Record set
· · · · · · ·

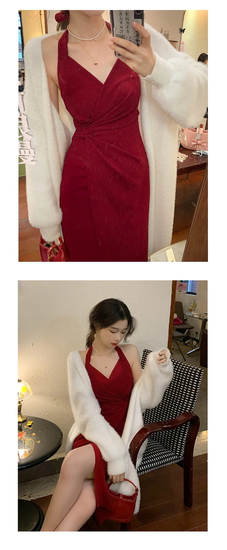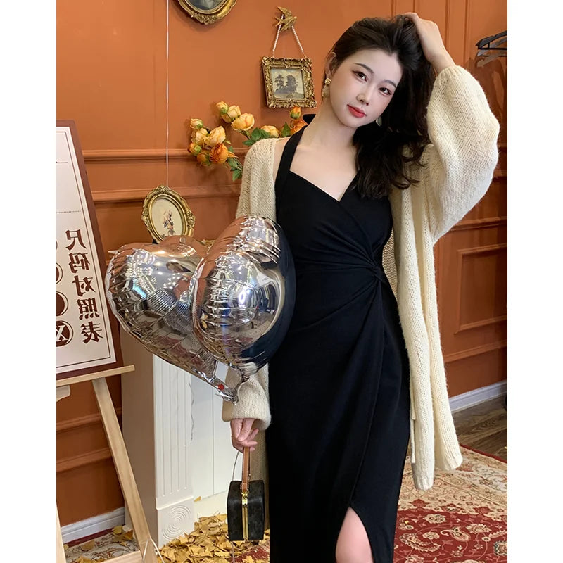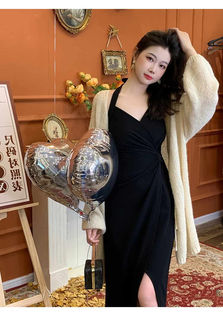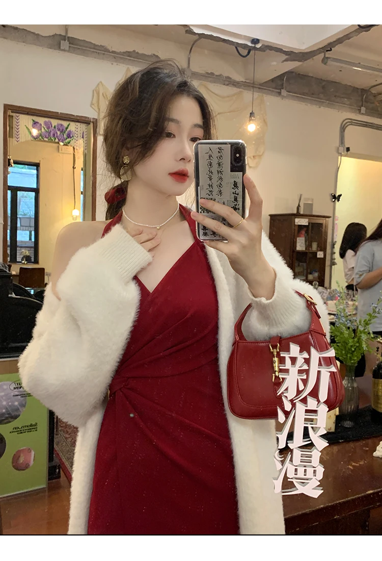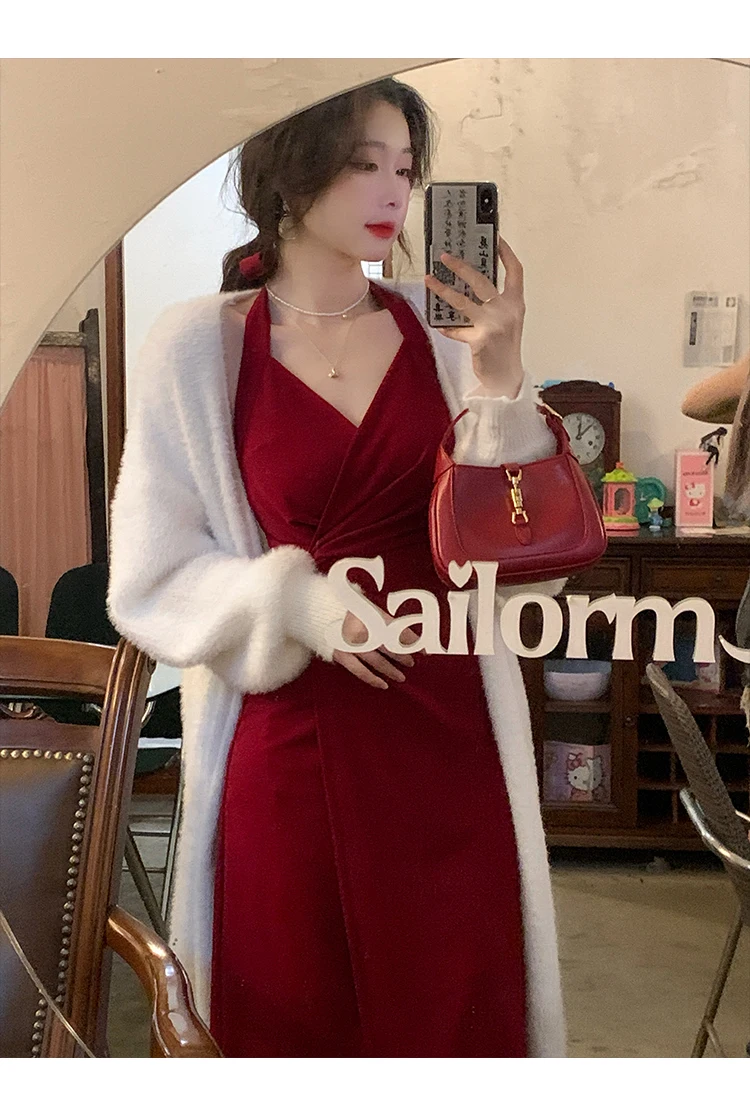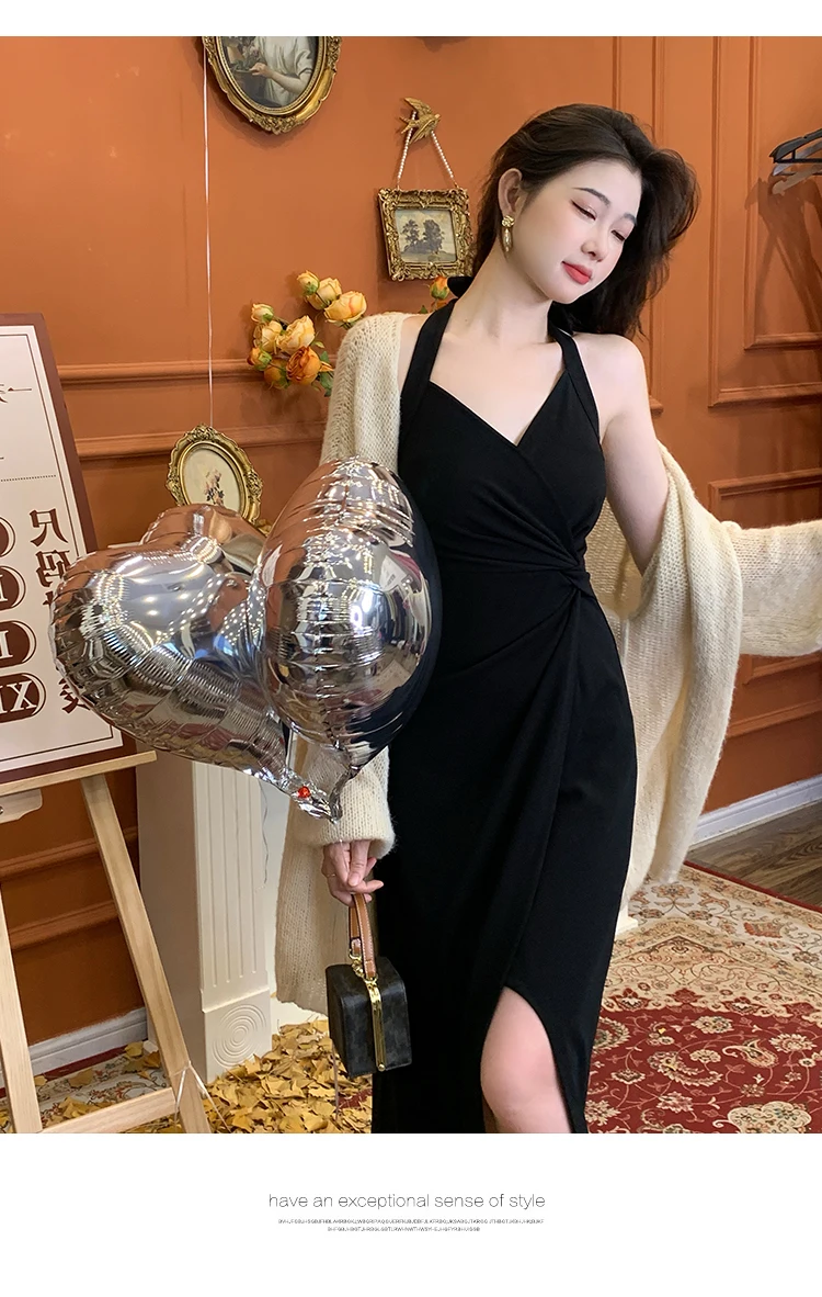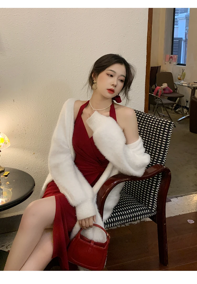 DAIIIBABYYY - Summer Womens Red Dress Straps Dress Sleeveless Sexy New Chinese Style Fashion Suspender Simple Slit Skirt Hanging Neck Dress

· · · · · · ·

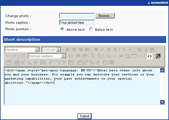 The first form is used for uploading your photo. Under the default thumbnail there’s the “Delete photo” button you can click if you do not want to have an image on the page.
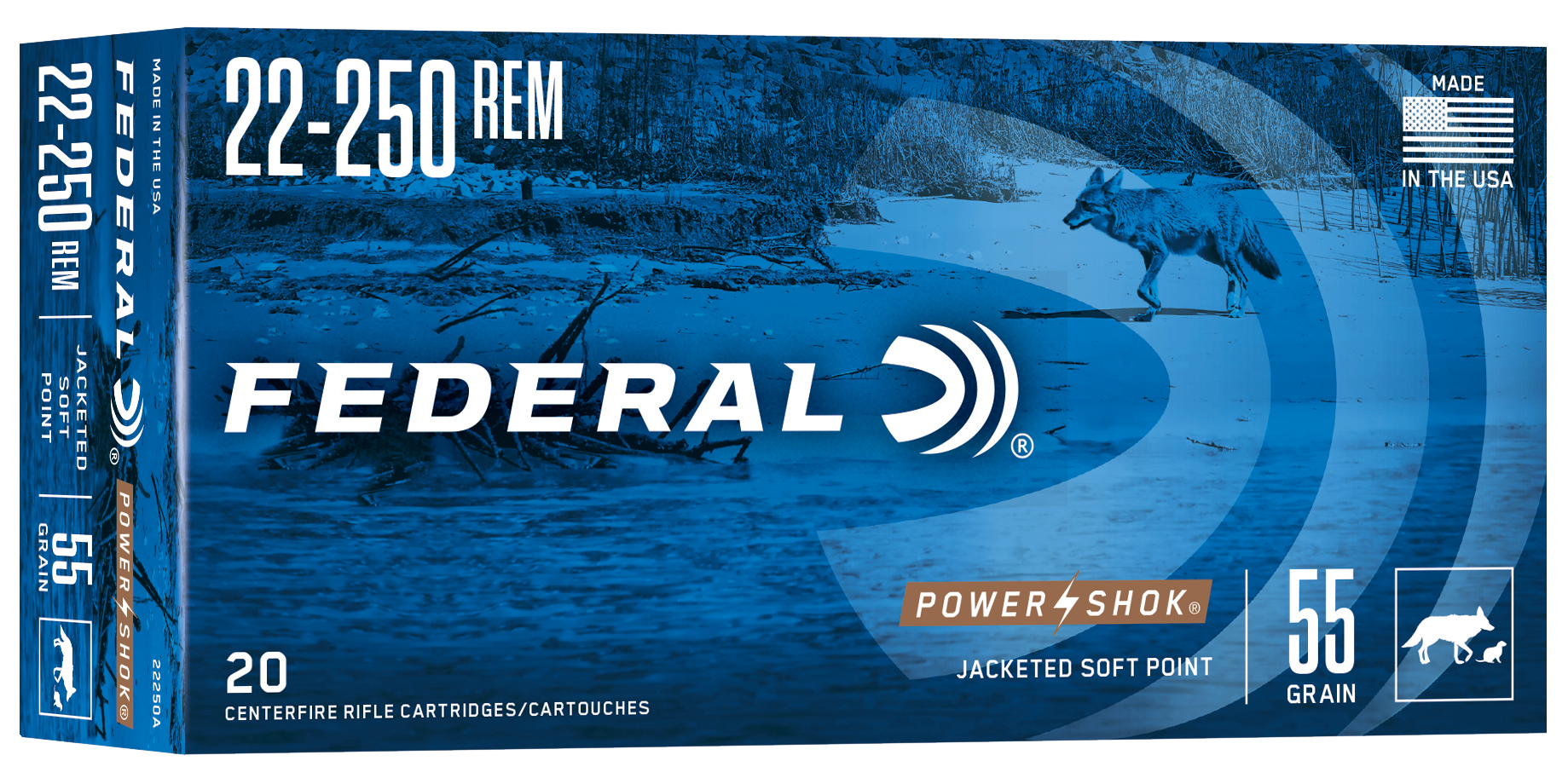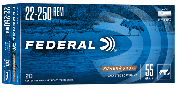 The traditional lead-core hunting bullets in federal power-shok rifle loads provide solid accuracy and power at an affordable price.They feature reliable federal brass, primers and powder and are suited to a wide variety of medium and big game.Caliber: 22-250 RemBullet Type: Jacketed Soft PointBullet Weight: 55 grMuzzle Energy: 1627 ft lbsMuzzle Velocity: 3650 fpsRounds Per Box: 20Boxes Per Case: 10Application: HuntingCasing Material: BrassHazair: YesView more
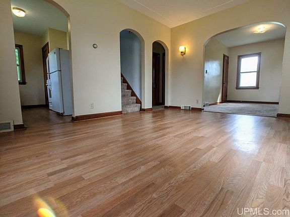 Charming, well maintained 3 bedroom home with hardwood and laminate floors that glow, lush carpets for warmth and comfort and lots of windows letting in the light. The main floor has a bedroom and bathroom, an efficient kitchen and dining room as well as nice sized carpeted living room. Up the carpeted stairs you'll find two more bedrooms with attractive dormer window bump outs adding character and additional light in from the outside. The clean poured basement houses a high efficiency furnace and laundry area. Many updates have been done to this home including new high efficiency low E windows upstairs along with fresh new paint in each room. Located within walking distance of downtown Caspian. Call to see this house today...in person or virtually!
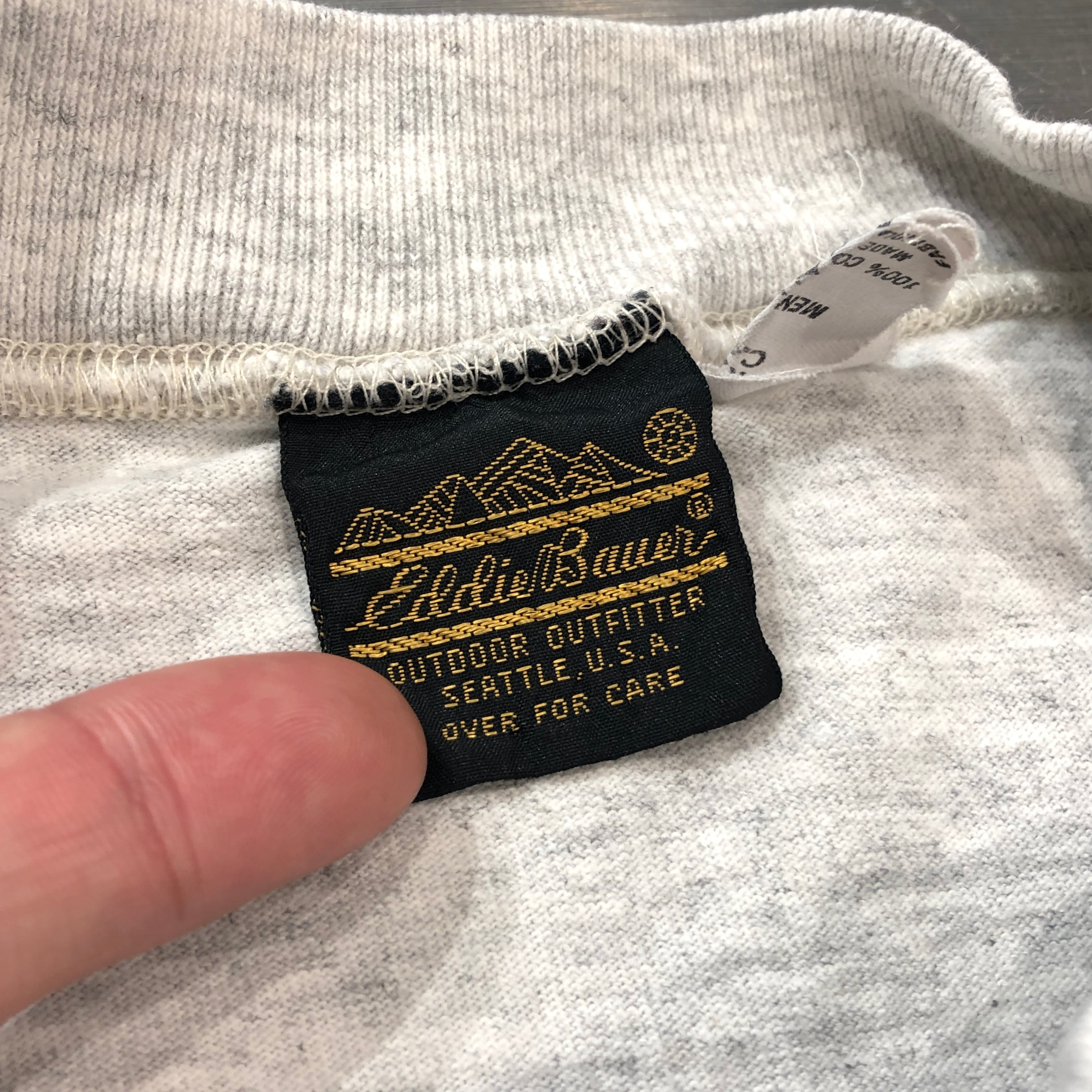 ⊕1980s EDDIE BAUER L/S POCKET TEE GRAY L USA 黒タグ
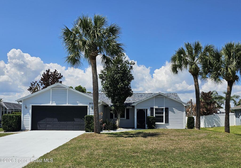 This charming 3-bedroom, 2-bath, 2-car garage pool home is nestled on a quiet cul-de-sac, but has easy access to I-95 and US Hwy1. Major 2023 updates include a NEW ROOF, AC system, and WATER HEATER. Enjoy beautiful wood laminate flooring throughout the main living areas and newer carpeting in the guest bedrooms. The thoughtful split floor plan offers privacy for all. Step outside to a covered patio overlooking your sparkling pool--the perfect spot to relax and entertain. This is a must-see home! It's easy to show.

· · · · · · ·

What is needed
Print nothing but the lines above starting with the line that contains "GRAY L USA 黒タグ" and going on through the line that contains "This charming 3-bedroom, 2-bath, 2-car". Leave out the pictures.

Problem solution
 ⊕1980s EDDIE BAUER L/S POCKET TEE GRAY L USA 黒タグ
 This charming 3-bedroom, 2-bath, 2-car garage pool home is nestled on a quiet cul-de-sac, but has easy access to I-95 and US Hwy1. Major 2023 updates include a NEW ROOF, AC system, and WATER HEATER. Enjoy beautiful wood laminate flooring throughout the main living areas and newer carpeting in the guest bedrooms. The thoughtful split floor plan offers privacy for all. Step outside to a covered patio overlooking your sparkling pool--the perfect spot to relax and entertain. This is a must-see home! It's easy to show.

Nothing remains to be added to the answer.